## Dataset records
⟨
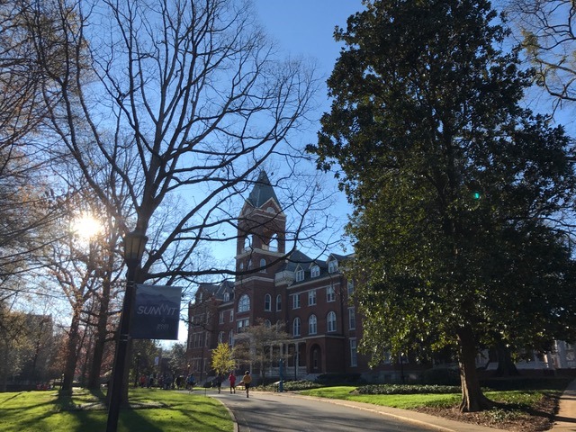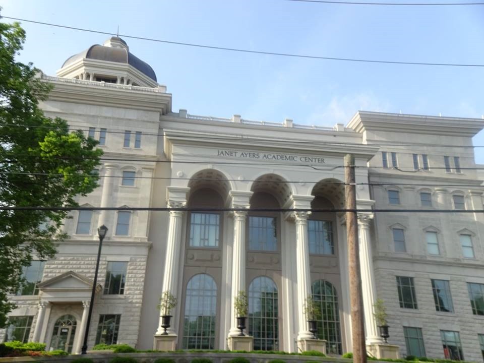 But even with the hills, the entire race was just fun.  Great atmosphere.  Lots of crowd support.  Plenty of aid stations with both fluids & food.  Candy.  Pretzels. Oranges.  Happy volunteers. Plus we ran thru 3 colleges which is always great.  Anges Scott College for Women (first photo below), Emory University (second photo below) & Georgia Tech.
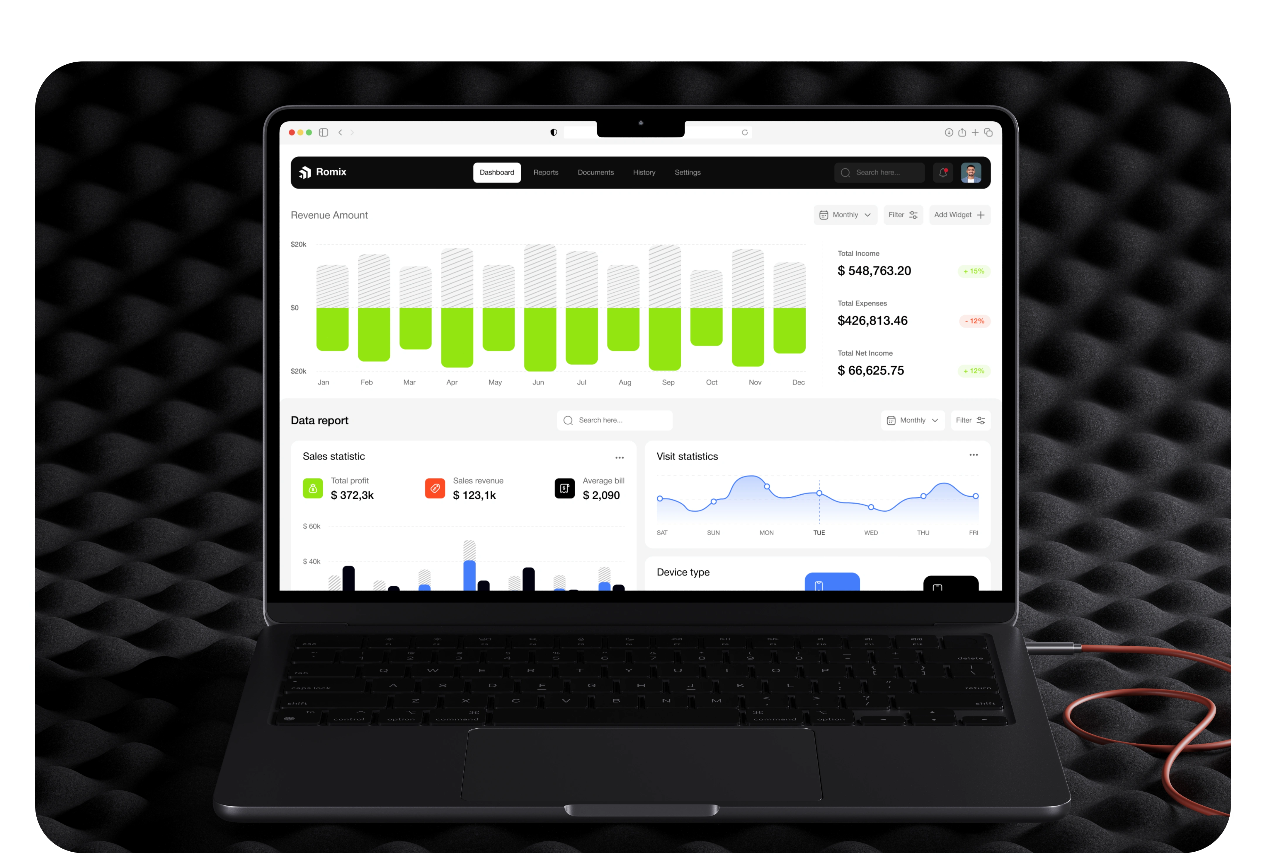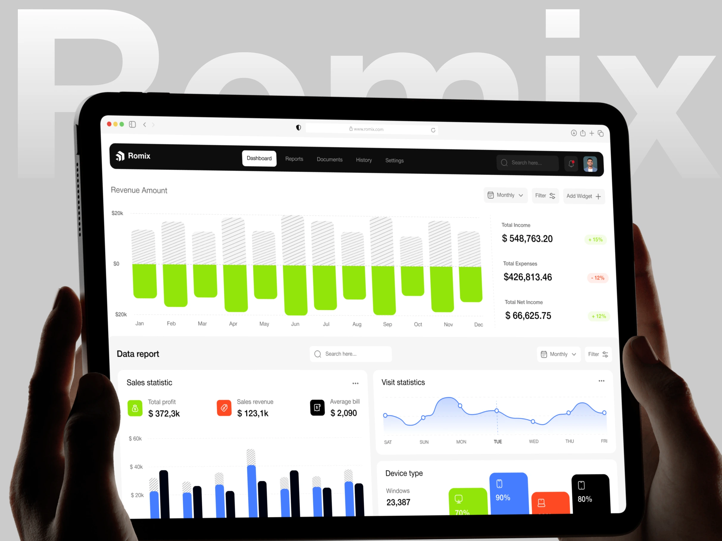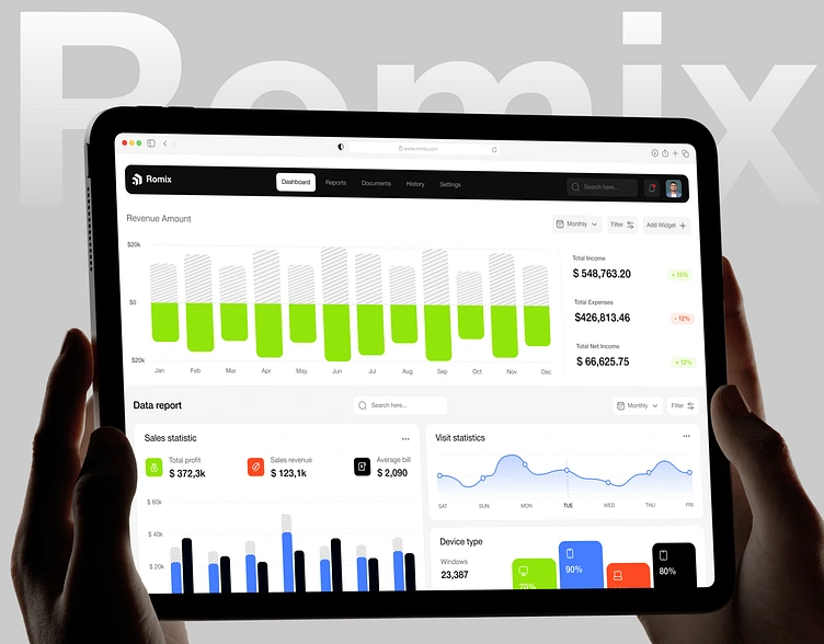 1. Overview: Romix is a sleek, intuitive dashboard UI concept designed to simplify complex business data into clear, actionable insights. The platform helps users monitor KPIs, track performance, and make informed decisionsβall in one place.
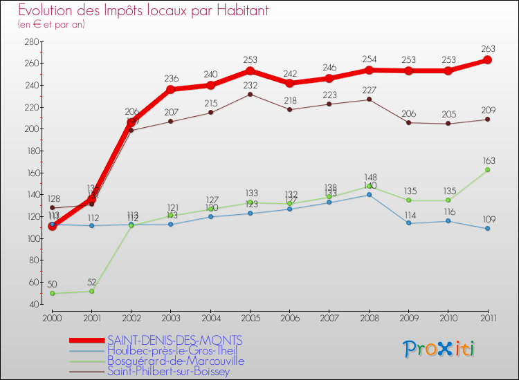 A Saint-Denis-des-Monts, les impôts locaux par habitant ont donc augmentés de 136.94 % entre 2000 et 2011.
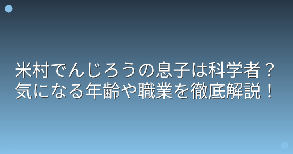 科学実験の第一人者として知られる米村でんじろうさんは、その独特なキャラクターと面白い実験で多くの人々を魅了しています。 そんな米村でんじろうさんの息子について、最近ネット上で話題になっているようです。 今回は、米村でんじろうさんの息子につ...
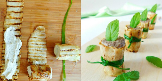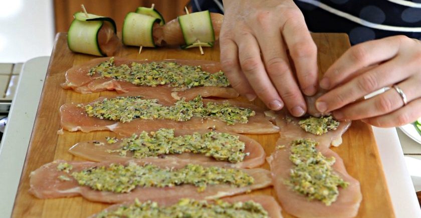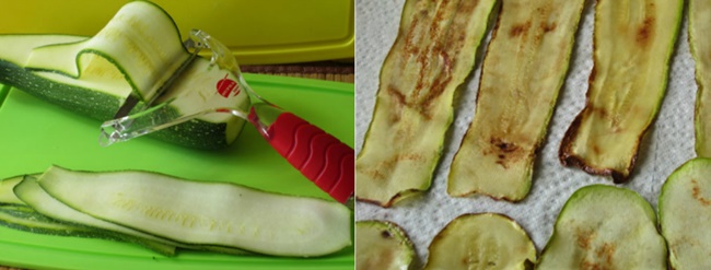 Ak chcete, aby to na tanieri ešte ja pekne vyzeralo, narežte si škrabkou na zemiaky pásiky cukety nie dlhšie ako 15 centimetrov. Tie sa budú akurátne rolovať a pritom nebudú v konečnom výsledku príliš hrubé. Ak máte radi cuketu ogrilovanú, hoďte pásiky na 1-2 minúty na panvicu. Olej ani nemusíte pridávať, aspoň vám ostane cuketa pevná a nebude „spotená“. Ak nechcete cuketu ani surovú, ani ogrilovanú na panvici, môžete ju ešte hodiť na plech a dať na 5 minút do rúry vyhriatej na 180 stupňov. Pre väčšie pohodlie pri servírovaní môžete cukety prepichnúť špajdlou alebo špáradlom, prípadne ich zviazať zelenou cibuľkou.
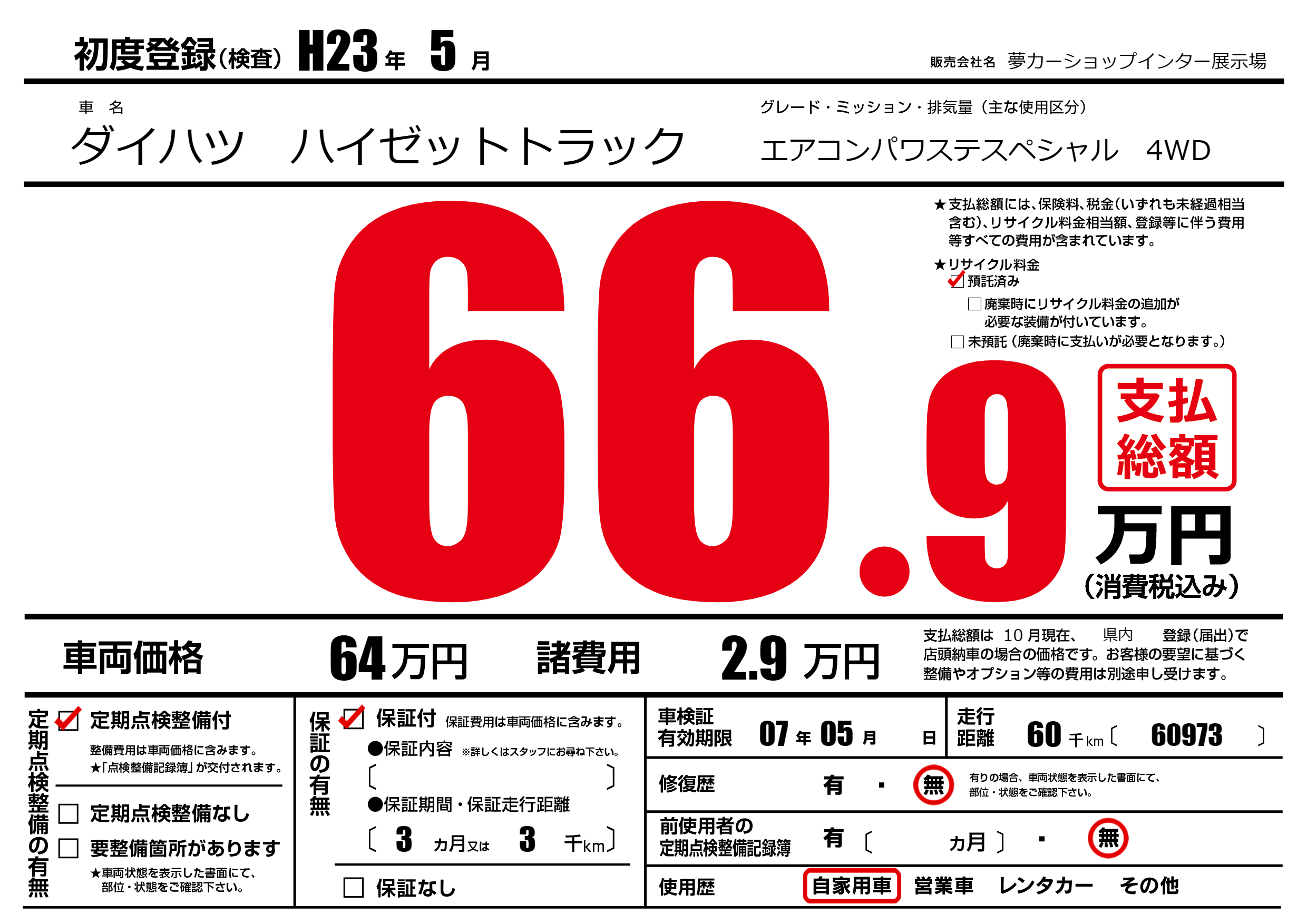 保証付き 保証内容(---) 3ヶ月または(3)千kmまで |
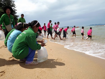 City workers joined the Naklua Bay Conservation Group and Central Center at Jomtien Beach, where they picked up garbage and cleaned the shoreline.
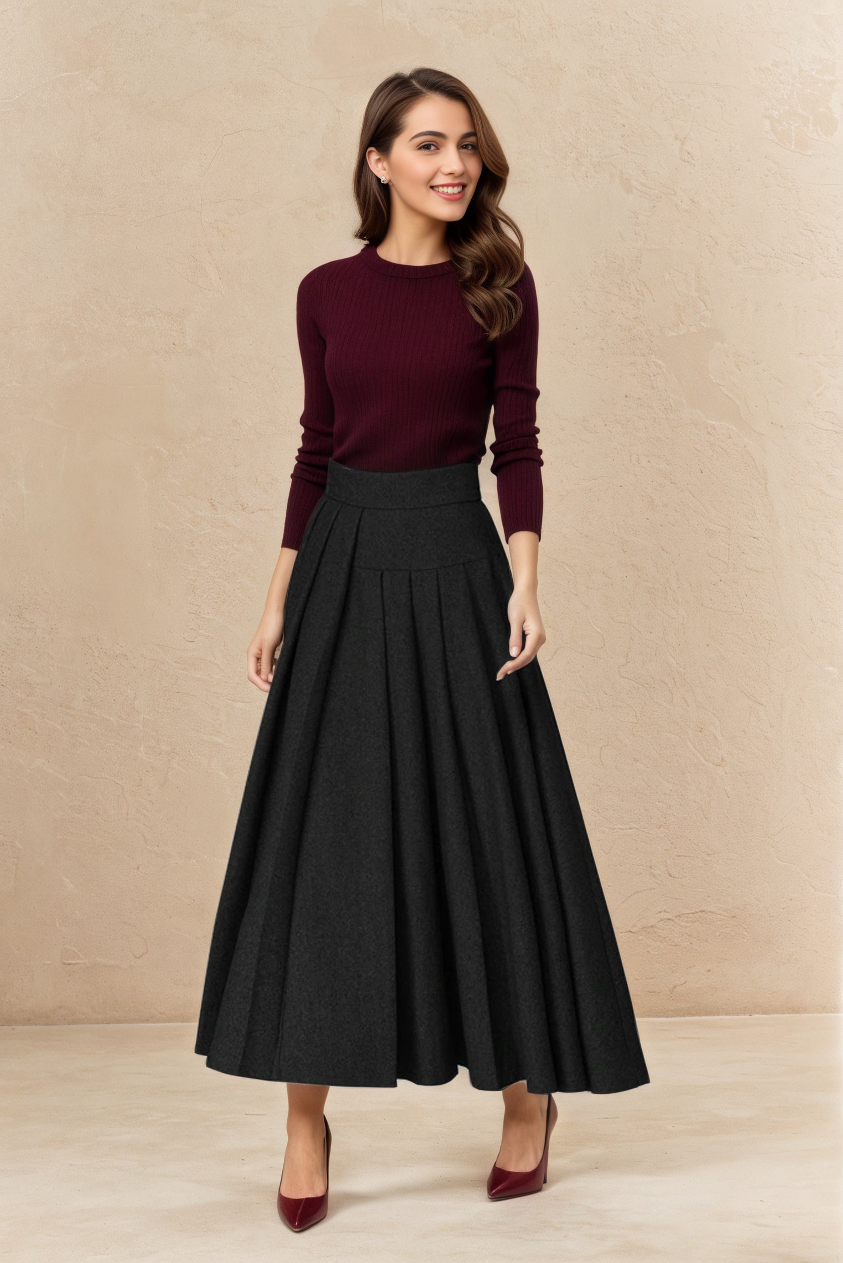 Embrace understated sophistication with this handmade black wool midi skirt, featuring a structured A-line silhouette and a subtle irregular hem for modern movement. Crafted from a premium wool blend and fully lined for comfort, it offers warmth and refinement for colder seasons. Whether styled with a fitted turtleneck or soft knit sweater, this skirt brings timeless elegance to your autumn and winter wardrobe.
⟩
## What to produce
Copy out every entry above, character for character, excluding pictures.

## Expected answer
 But even with the hills, the entire race was just fun.  Great atmosphere.  Lots of crowd support.  Plenty of aid stations with both fluids & food.  Candy.  Pretzels. Oranges.  Happy volunteers. Plus we ran thru 3 colleges which is always great.  Anges Scott College for Women (first photo below), Emory University (second photo below) & Georgia Tech.
 1. Overview: Romix is a sleek, intuitive dashboard UI concept designed to simplify complex business data into clear, actionable insights. The platform helps users monitor KPIs, track performance, and make informed decisionsβall in one place.
 A Saint-Denis-des-Monts, les impôts locaux par habitant ont donc augmentés de 136.94 % entre 2000 et 2011.
 科学実験の第一人者として知られる米村でんじろうさんは、その独特なキャラクターと面白い実験で多くの人々を魅了しています。 そんな米村でんじろうさんの息子について、最近ネット上で話題になっているようです。 今回は、米村でんじろうさんの息子につ...
 Ak chcete, aby to na tanieri ešte ja pekne vyzeralo, narežte si škrabkou na zemiaky pásiky cukety nie dlhšie ako 15 centimetrov. Tie sa budú akurátne rolovať a pritom nebudú v konečnom výsledku príliš hrubé. Ak máte radi cuketu ogrilovanú, hoďte pásiky na 1-2 minúty na panvicu. Olej ani nemusíte pridávať, aspoň vám ostane cuketa pevná a nebude „spotená“. Ak nechcete cuketu ani surovú, ani ogrilovanú na panvici, môžete ju ešte hodiť na plech a dať na 5 minút do rúry vyhriatej na 180 stupňov. Pre väčšie pohodlie pri servírovaní môžete cukety prepichnúť špajdlou alebo špáradlom, prípadne ich zviazať zelenou cibuľkou.
 保証付き 保証内容(---) 3ヶ月または(3)千kmまで |
 City workers joined the Naklua Bay Conservation Group and Central Center at Jomtien Beach, where they picked up garbage and cleaned the shoreline.
 Embrace understated sophistication with this handmade black wool midi skirt, featuring a structured A-line silhouette and a subtle irregular hem for modern movement. Crafted from a premium wool blend and fully lined for comfort, it offers warmth and refinement for colder seasons. Whether styled with a fitted turtleneck or soft knit sweater, this skirt brings timeless elegance to your autumn and winter wardrobe.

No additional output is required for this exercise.